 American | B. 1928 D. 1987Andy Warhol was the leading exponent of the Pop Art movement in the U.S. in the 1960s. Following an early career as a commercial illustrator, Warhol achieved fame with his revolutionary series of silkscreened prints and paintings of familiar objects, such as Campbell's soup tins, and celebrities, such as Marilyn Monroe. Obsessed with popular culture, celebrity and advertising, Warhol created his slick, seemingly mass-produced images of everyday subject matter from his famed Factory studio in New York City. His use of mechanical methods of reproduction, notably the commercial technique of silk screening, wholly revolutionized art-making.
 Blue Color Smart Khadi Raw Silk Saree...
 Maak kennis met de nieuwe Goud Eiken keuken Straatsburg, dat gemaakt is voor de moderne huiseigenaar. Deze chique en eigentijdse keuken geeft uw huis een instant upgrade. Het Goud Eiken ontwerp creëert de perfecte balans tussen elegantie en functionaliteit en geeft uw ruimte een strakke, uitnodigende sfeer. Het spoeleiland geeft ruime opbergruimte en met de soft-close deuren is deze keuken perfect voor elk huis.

☆ ☆ ☆ ☆

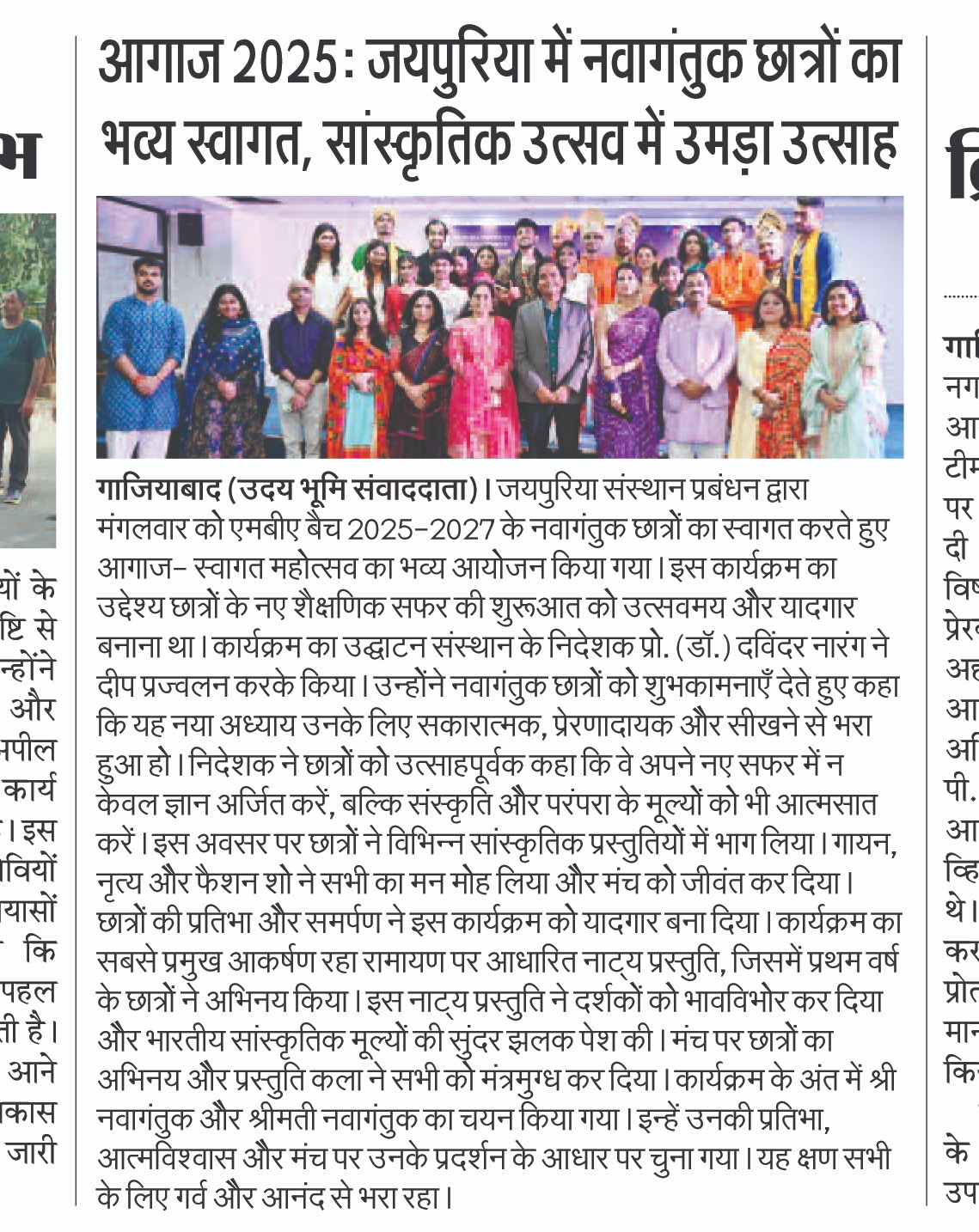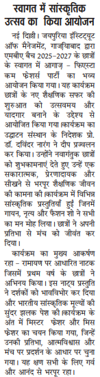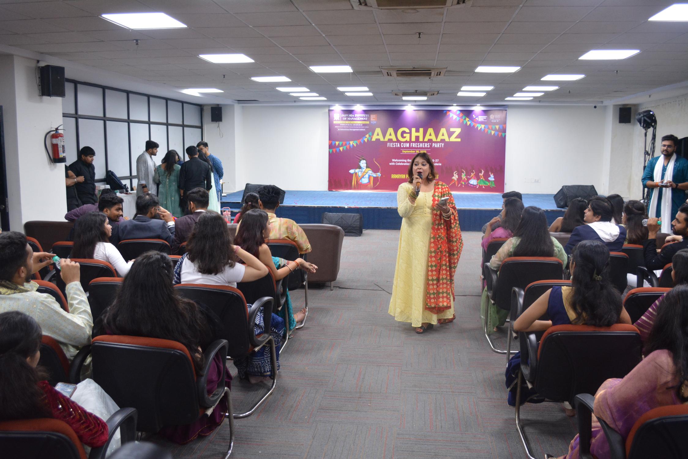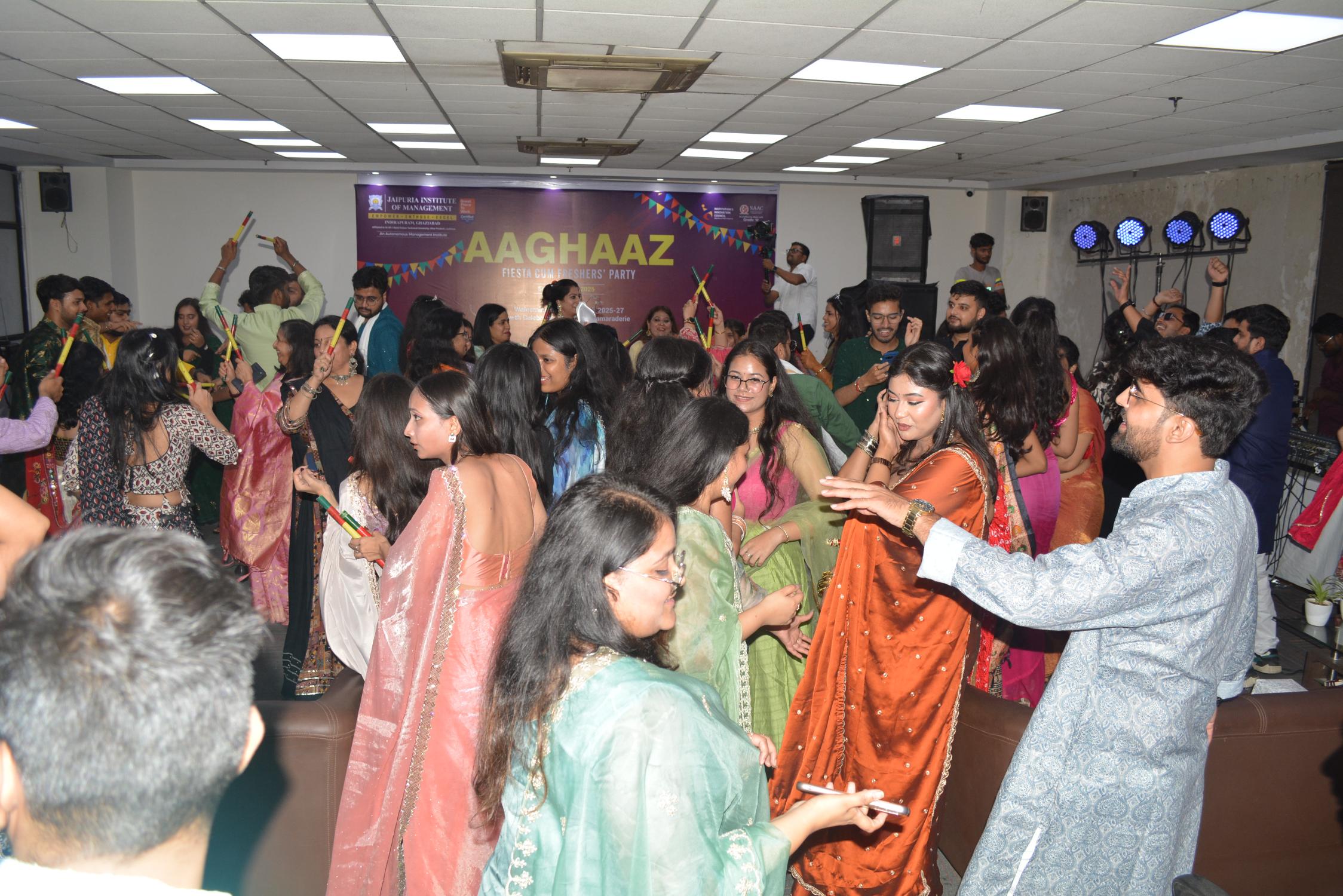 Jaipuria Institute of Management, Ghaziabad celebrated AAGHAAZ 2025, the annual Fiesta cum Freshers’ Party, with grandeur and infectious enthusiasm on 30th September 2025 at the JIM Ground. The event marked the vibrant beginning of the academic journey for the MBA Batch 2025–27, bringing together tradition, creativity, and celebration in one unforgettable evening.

☆ ☆ ☆ ☆

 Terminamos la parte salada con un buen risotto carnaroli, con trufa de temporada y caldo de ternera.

☆ ☆ ☆ ☆

Which lines run from the one holding "Blue Color Smart Khadi Raw Silk Saree..." through the one holding "Maak kennis met" in the records above? Repeat them exactly, both included, and nothing more.

• Your response:
 Blue Color Smart Khadi Raw Silk Saree...
 Maak kennis met de nieuwe Goud Eiken keuken Straatsburg, dat gemaakt is voor de moderne huiseigenaar. Deze chique en eigentijdse keuken geeft uw huis een instant upgrade. Het Goud Eiken ontwerp creëert de perfecte balans tussen elegantie en functionaliteit en geeft uw ruimte een strakke, uitnodigende sfeer. Het spoeleiland geeft ruime opbergruimte en met de soft-close deuren is deze keuken perfect voor elk huis.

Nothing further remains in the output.